▸ **WHAT TO WORK ON**
Among the entries below, find the line with "in the copy." and the line with "4、wood灯:颈部均有不同程度脱失性白斑。". Return exactly those lines and every line between them, but no pictures.

▸ **SOURCE INFORMATION**

[Start of Attachment]

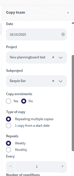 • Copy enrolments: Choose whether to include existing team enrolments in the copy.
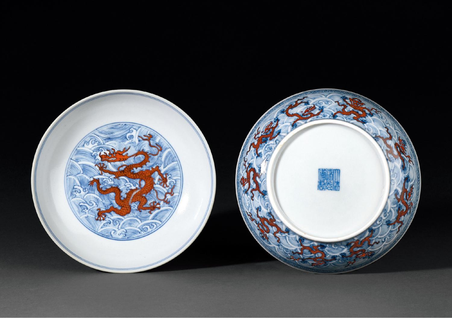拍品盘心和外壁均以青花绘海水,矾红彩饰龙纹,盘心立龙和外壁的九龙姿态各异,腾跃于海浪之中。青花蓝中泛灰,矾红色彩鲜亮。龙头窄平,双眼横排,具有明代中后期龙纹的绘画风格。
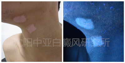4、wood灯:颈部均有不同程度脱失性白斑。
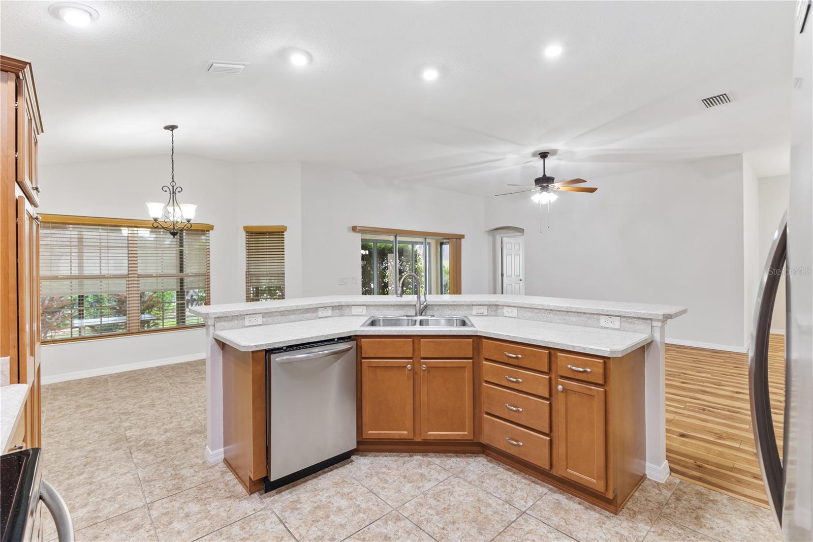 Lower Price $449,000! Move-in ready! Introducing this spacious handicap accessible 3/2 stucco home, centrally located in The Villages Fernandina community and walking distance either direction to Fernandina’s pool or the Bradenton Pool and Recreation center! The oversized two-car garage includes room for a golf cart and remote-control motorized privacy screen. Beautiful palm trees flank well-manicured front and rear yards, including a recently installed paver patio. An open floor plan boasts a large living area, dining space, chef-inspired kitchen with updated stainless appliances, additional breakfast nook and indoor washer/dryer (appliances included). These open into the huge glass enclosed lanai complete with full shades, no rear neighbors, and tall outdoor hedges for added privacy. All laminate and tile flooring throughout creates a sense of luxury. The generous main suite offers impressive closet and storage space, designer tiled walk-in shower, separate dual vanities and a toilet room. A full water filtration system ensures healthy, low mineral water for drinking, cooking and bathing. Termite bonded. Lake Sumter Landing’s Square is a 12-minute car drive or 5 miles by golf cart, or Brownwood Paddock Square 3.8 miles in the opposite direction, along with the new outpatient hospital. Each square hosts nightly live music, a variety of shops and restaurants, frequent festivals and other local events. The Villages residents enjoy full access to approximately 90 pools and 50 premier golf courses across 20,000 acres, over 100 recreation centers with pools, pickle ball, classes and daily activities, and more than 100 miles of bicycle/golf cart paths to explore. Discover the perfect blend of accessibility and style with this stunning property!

[End of Attachment]
[Start of Attachment]

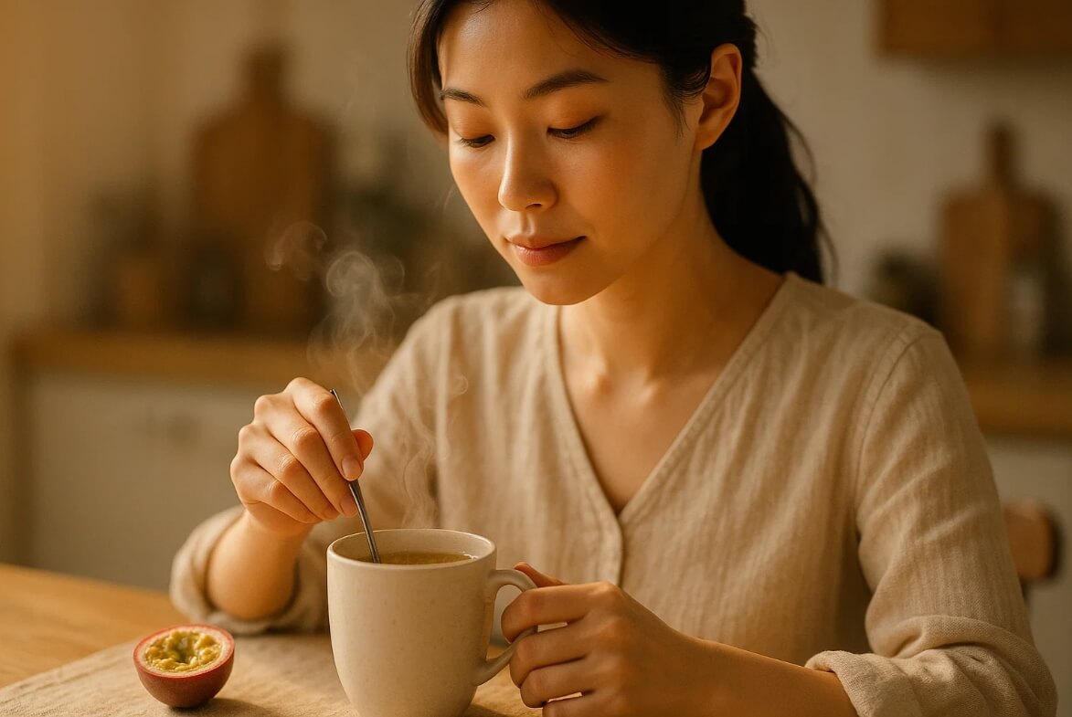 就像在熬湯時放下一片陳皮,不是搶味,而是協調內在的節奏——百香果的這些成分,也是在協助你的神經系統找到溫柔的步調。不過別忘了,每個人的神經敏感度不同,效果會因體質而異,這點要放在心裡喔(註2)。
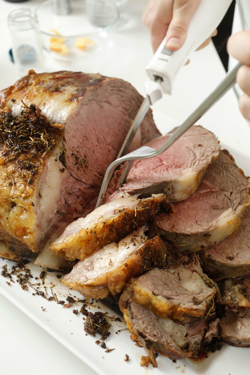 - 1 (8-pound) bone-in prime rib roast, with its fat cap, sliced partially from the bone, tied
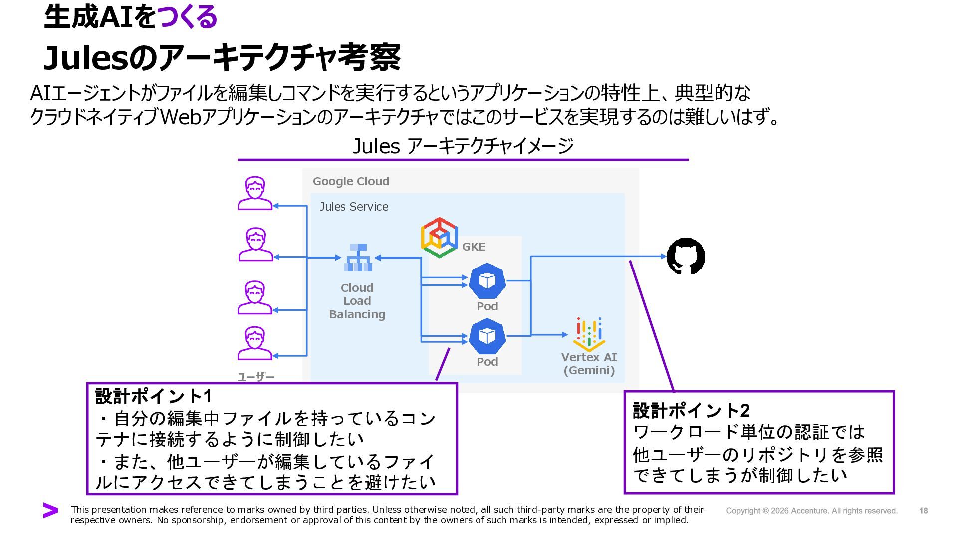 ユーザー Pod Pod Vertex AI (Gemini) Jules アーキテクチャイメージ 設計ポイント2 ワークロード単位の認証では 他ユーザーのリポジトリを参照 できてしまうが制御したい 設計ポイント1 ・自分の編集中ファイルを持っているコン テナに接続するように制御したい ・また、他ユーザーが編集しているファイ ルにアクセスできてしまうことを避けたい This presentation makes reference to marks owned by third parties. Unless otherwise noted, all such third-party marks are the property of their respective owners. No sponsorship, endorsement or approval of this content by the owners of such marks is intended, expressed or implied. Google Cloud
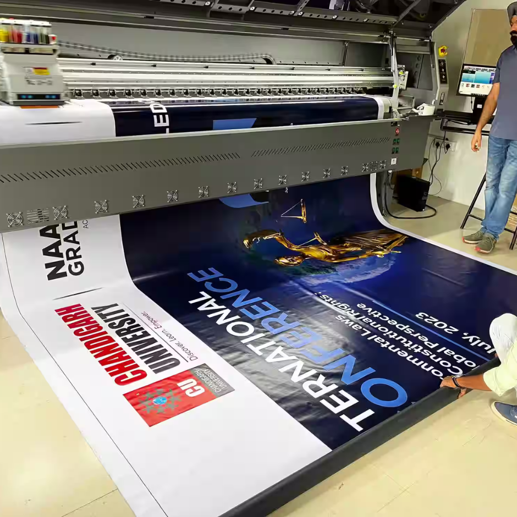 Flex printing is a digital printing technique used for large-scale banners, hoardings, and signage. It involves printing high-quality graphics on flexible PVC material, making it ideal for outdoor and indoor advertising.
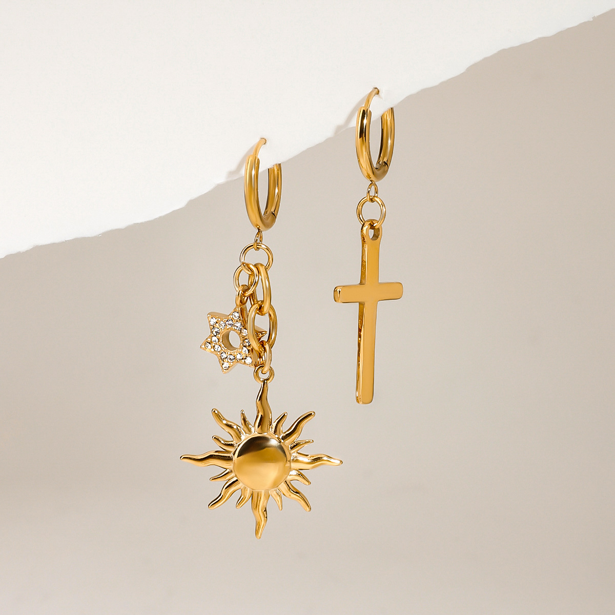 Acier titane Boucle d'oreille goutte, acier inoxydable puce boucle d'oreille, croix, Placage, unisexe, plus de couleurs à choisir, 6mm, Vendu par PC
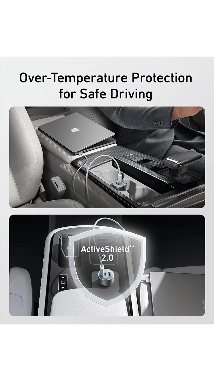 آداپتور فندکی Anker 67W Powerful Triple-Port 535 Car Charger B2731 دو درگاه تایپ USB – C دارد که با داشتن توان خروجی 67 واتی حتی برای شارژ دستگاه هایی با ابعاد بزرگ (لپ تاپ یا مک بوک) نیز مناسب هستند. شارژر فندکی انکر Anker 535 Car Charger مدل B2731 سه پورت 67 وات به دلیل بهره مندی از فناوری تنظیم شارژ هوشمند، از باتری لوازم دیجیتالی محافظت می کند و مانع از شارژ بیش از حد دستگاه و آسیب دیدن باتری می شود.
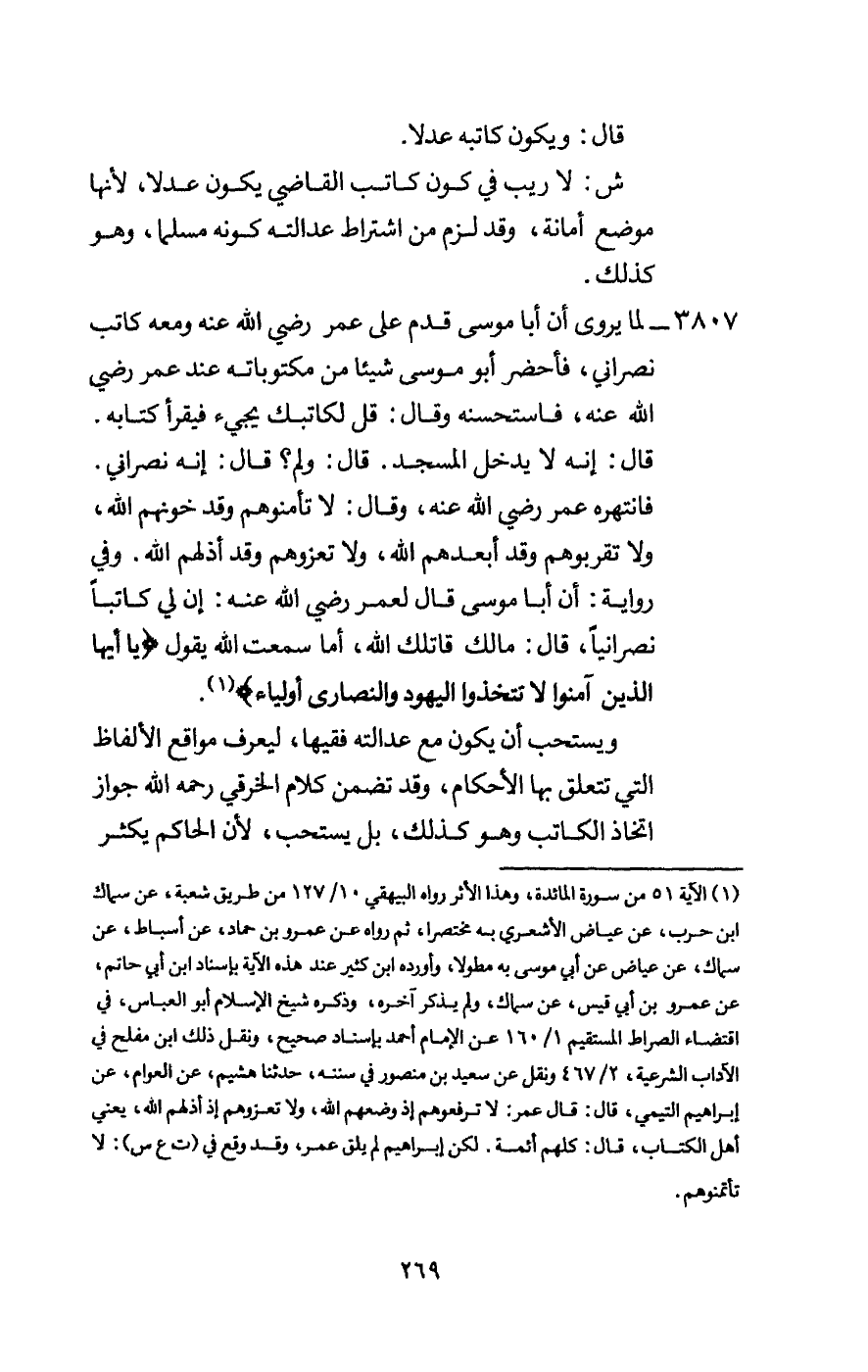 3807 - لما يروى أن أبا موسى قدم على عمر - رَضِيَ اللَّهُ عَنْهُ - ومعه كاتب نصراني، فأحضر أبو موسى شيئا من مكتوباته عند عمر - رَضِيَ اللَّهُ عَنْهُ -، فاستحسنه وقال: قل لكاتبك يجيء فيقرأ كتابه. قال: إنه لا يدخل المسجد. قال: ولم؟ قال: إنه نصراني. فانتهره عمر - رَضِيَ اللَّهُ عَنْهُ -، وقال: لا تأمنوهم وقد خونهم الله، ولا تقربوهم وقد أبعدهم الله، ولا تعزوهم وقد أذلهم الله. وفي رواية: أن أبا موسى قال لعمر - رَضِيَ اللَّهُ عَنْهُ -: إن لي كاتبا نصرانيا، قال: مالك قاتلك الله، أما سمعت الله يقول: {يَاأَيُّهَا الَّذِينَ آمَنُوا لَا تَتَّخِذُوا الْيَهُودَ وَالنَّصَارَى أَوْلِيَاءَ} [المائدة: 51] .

[End of Attachment]

▸ **TASK SOLUTION**
 • Copy enrolments: Choose whether to include existing team enrolments in the copy.
拍品盘心和外壁均以青花绘海水,矾红彩饰龙纹,盘心立龙和外壁的九龙姿态各异,腾跃于海浪之中。青花蓝中泛灰,矾红色彩鲜亮。龙头窄平,双眼横排,具有明代中后期龙纹的绘画风格。
4、wood灯:颈部均有不同程度脱失性白斑。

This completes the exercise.